Fifteen-year-old twins Maisy and Duncan Mitcham have always had each other. Until the fateful day in the wood . . . One night in 1960, the twins awake to find their father pulling their screaming mother from the house. She is to be committed to an asylum. It is, so their father insists, for her own good. It’s not long before they, too, are removed from their London home and sent to Nightingales – a large house deep in the New Forest countryside – to be watched over by their cold-hearted grandmother, Mrs Mitcham. Though they feel abandoned and unloved, at least here they have something they never had before – freedom. The twins are left to their own devices, to explore, find new friends and first romances. That is until the day that Duncan doesn’t come back for dinner. Nor does he return the next day. Or the one after that. When the bodies of other young boys are discovered in the surrounding area the police appear to give up hope of finding Duncan alive. With Mrs Mitcham showing little interest in her grandson’s disappearance, it is up to Maisy to discover the truth. And she knows just where to start. The woman who lives alone in the wood about whom so many rumours abound. A woman named Grace Deville.
DNF @ 25%
25% might seem like an early place to give up, but nothing had happened and I was getting fed up. I almost put it down at 15% but reading Janel’s (Keeper of Pages) review spurred me on to reading the next 10% before I had to give up.

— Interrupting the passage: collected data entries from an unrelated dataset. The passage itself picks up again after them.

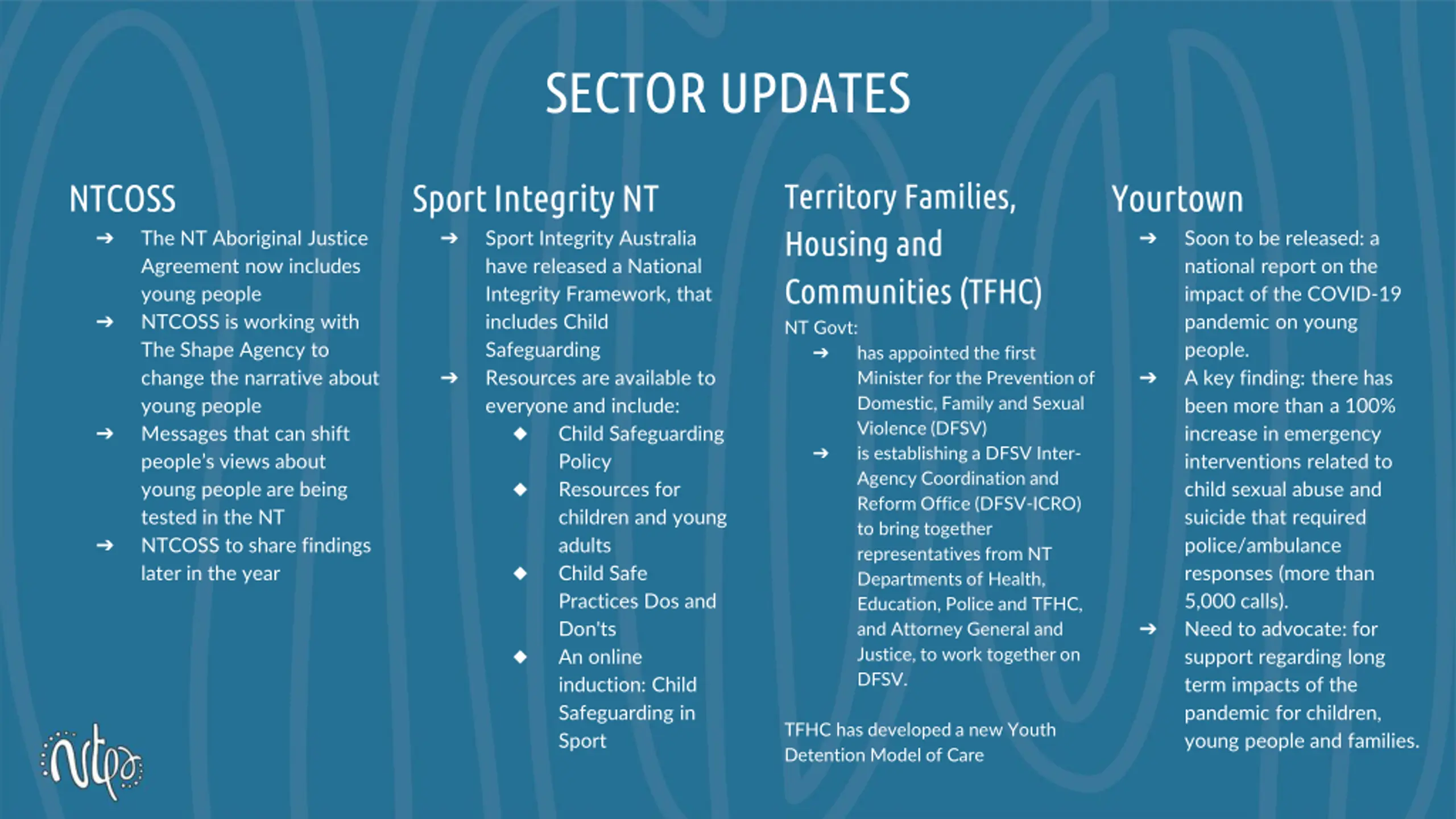 SECTOR UPDATES Territory Families, Housing and Communities (TFHC) NT Govt: has appointed the first Minister for the Prevention of Domestic, Family and Sexual Violence (DFSV) is establishing a DFSV Inter- Agency Coordination and Reform Office (DFSV-ICRO) to bring together representatives from NT Departments of Health, Education, Police and TFHC, and Attorney General and Justice, to work together on DFSV. NTCOSS Sport Integrity NT Sport Integrity Australia have released a National Integrity Framework, that includes Child Safeguarding Resources are available to everyone and include: Child Safeguarding Policy Resources for children and young adults Child Safe Practices Dos and Don'ts An online induction: Child Safeguarding in Sport Yourtown The NT Aboriginal Justice Agreement now includes young people NTCOSS is working with The Shape Agency to change the narrative about young people Messages that can shift people s views about young people are being tested in the NT NTCOSS to share findings later in the year Soon to be released: a national report on the impact of the COVID-19 pandemic on young people. A key finding: there has been more than a 100% increase in emergency interventions related to child sexual abuse and suicide that required police/ambulance responses (more than 5,000 calls). Need to advocate: for support regarding long term impacts of the pandemic for children, young people and families. TFHC has developed a new Youth Detention Model of Care
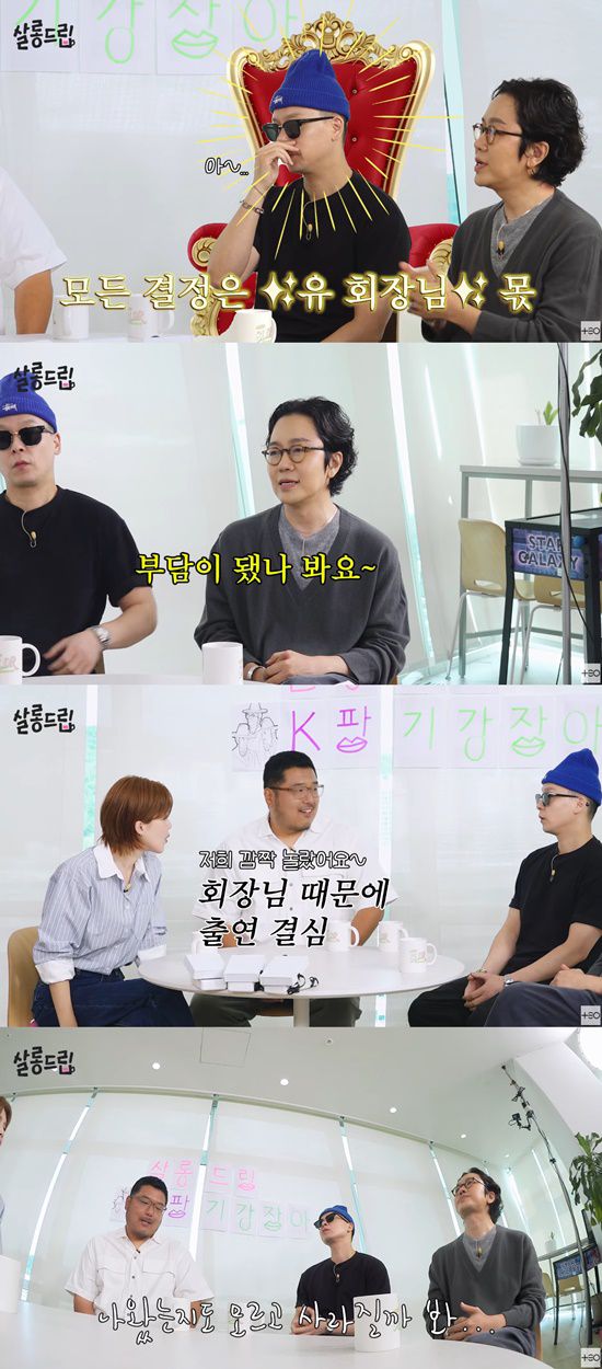 장도연이 “‘살롱드립’에 어떻게 출연하게 됐냐”고 묻자, 정엽은 “제가 브아솔 리더지만 사실상 나얼은 회장님이다. 유 회장이라고 부른다”며 “이번에도 큰 곳에서 공연하다 보니 부담이 됐는지 출연을 결심했다”고 답했다.
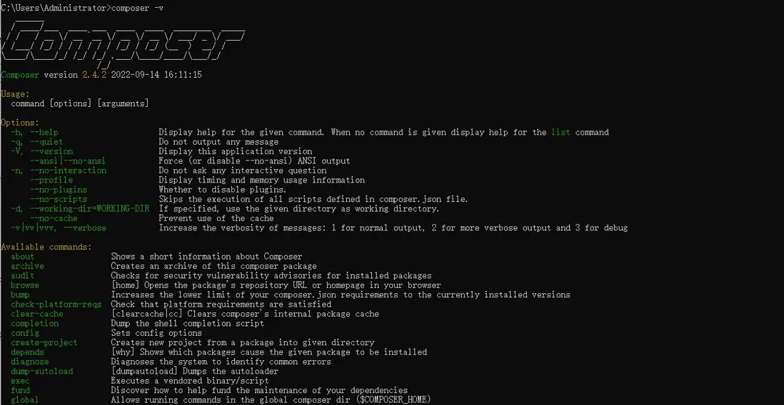 php -r "copy('https://install.phpcomposer.com/installer', 'composer-setup.php');" php composer-setup.php php -r "unlink('composer-setup.php');"- 接着新建composer.bat到bin目錄下寫入內容至文件,運行composer -v 查看是否運行成功

The characters, for me, felt stiff and unrealistic, and the dialogue was so clunky! So stilted and proper. I didn’t like any of the characters I had read about that far into the story, so I couldn’t imagine liking any of them at any point! And that’s not a good thing when the main character is actually supposed to be likeable…

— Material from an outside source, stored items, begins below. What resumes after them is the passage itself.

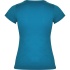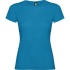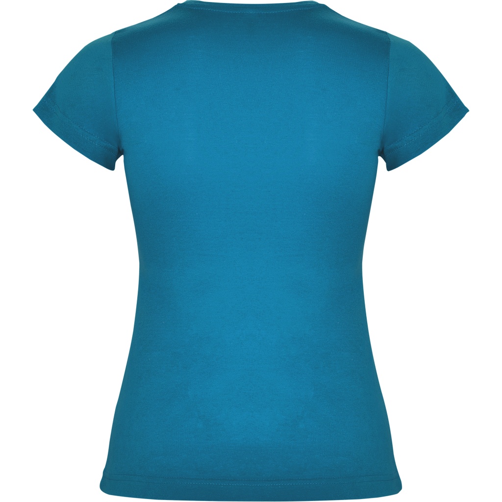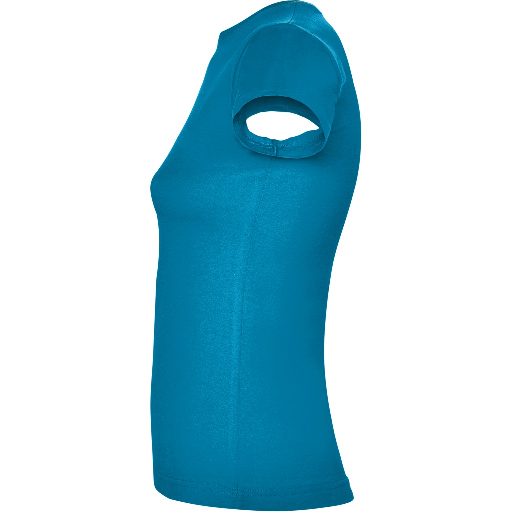 Dopasowana koszulka damska. Zaokrąglony, Dwuwarstwowy ściągacz przy szyi, typowo damski fason. Wzmocnione, kryte szwy przy kołnierzyku i na ramionach, szwy boczne.
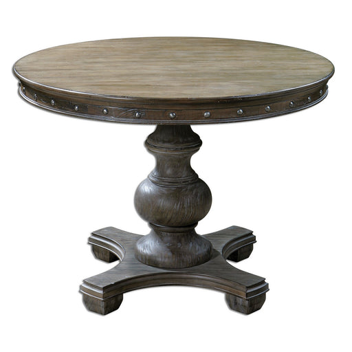 A Light Gray Wash Softens The Look Of This Weathered, Natural Pine Table With Carved Apron And Silver Nail Accents. Sturdy Pedestal Base Is Fully W...
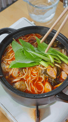 像是丸子这种不太爱熟的食材先放,煮个2分钟吧,再把海带丝、豆芽、干豆腐丝和香肠片这些东西都放进去。
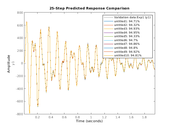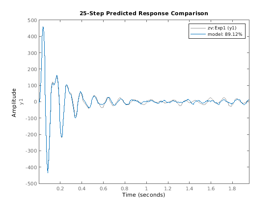 График показывает, что модель может предсказать ответ в первом эксперименте набора данных валидации 25 временных шагов (= 0,1 секунды) в будущем с> 85%-я точность. Чтобы просмотреть подгонку к другим экспериментам в наборе данных, используйте контекстное меню щелчка правой кнопкой осей графика.

Clearly this is a well loved book, judging by the reviews in Goodreads, but personally, I couldn’t get into this one. I didn’t like the writing from page 1. It was very “this happens and then this happens and then they do this and then they also do this”. There was no slow tension building, it was all just a quick succession of the twins doing one thing after another after another. I mean just look at that synopsis! No paragraph breaks! I can’t usually get with a book that’s 80% dialogue and 20% descriptions, and this was exactly that.

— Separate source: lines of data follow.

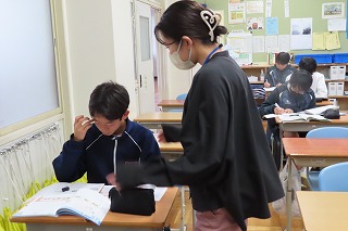 そこには、小寺先生が机間巡視を丁寧に行いながら、子どもたちが課題につまずいた時には、しっかりと寄り添いながら丁寧な関わりをしてくれていました。
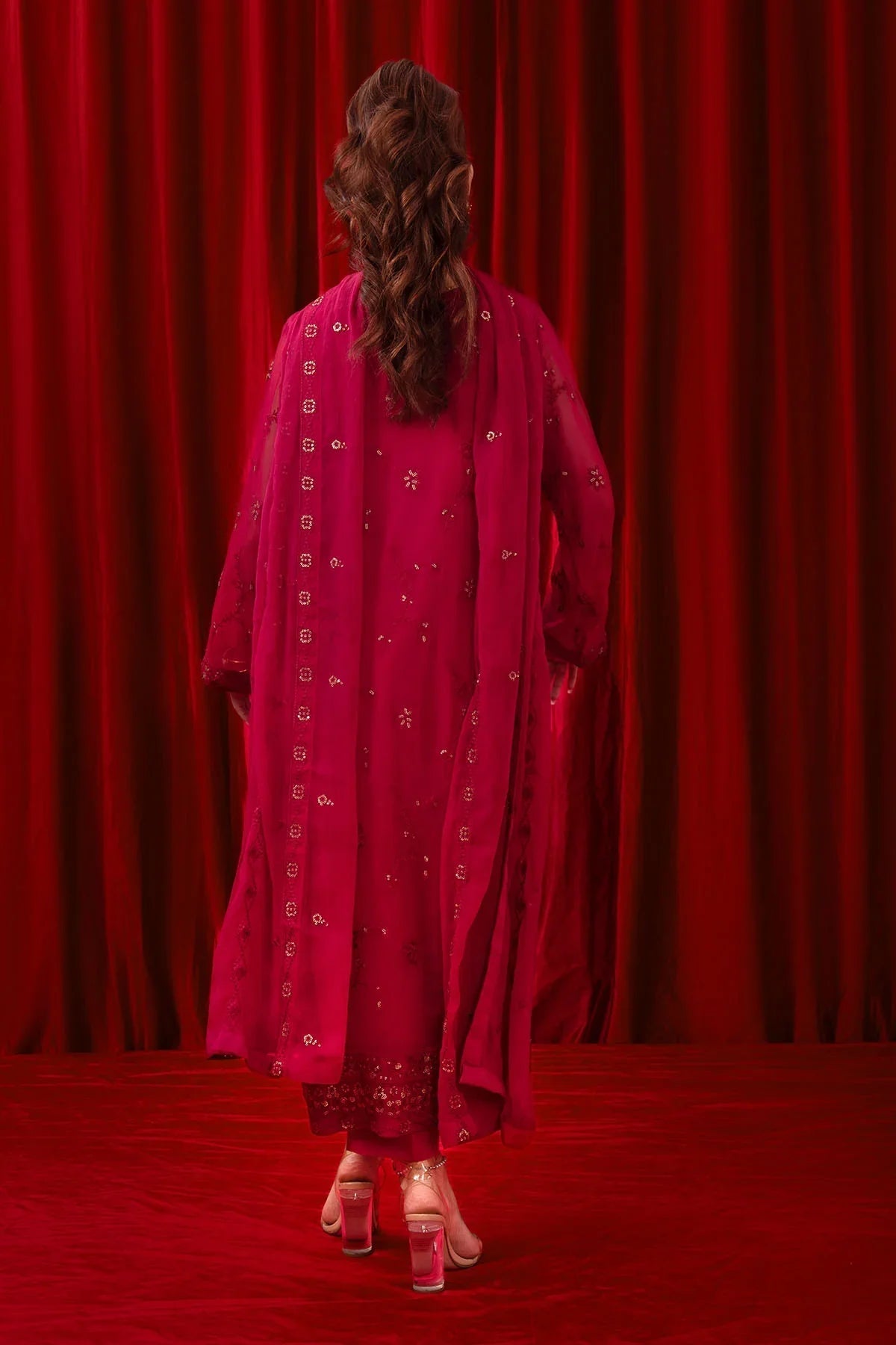 Dupatta: Magenta Pink Chiffon Dupatta with Embroidery"
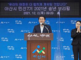 오 시장은 “길고도 짧았던 3년6개월은 눈부신 성장의 시작을 알렸지만 ‘더 큰 아산, 행복한 시민’을 완성하기에는 빠듯한 시간이었다”며 “50만 자족도시를 완성하기 위해 더 힘찬 가속이 필요하다”고 언급했다.
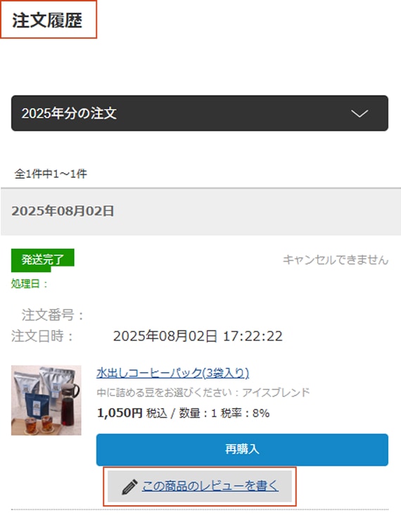 -注文履歴からレビューを投稿する場合-
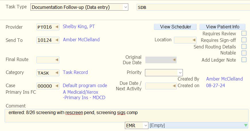 - Example: entered: 10/22 screening and rescreen pend, screening sigs comp

I’m not really sure who the audience was meant to be for this one? On one level is felt a little juvenile, so maybe a young adult audience, and then it felt rather cosy, so maybe for readers if “women’s fiction”. Apparently if I stuck with it, I would find it’s actually quite a dark mystery thriller, but I can’t bring myself to get that far!
If you like the sound of this by it’s synopsis, I’d say pick it up because I’m very clearly in the minority for this one, you might enjoy it! Unfortunately, it wasn’t for me.
Thanks to Netgalley and Penguin UK – Michael Joseph for giving me the opportunity to read this in exchange for an honest review! Sorry I didn’t enjoy it!